Only the lines from the one containing "麻疹病毒顆粒的電子顯微鏡影像。CDC/美聯社" through the end of the listing are to be repeated, exactly and without pictures.

··· Provided data

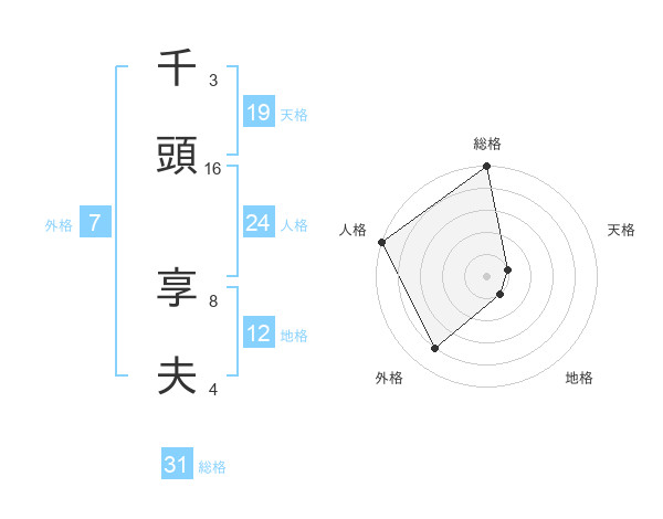 千頭 享夫さんの総格は31画の5点!
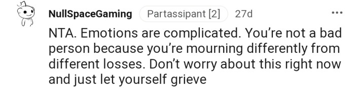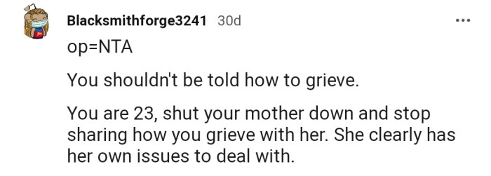 According to the comments section, OP is NTA. They noted that people grieve differently, and it was no one’s place to tell OP how to grieve.
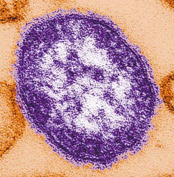 麻疹病毒顆粒的電子顯微鏡影像。CDC/美聯社
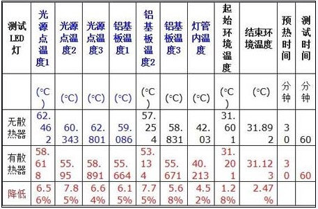 热传导的途径有三种,对流、传导及辐射。在封闭的环境中,对流及传导实现的可能较小,而通过辐射将热散发出来,是日光灯管考虑的重点。以下是我们做的LED日光灯管的测试数据,在LED银脚焊点外测出的温度才58度。

······

- Answer to the problem:
 麻疹病毒顆粒的電子顯微鏡影像。CDC/美聯社
 热传导的途径有三种,对流、传导及辐射。在封闭的环境中,对流及传导实现的可能较小,而通过辐射将热散发出来,是日光灯管考虑的重点。以下是我们做的LED日光灯管的测试数据,在LED银脚焊点外测出的温度才58度。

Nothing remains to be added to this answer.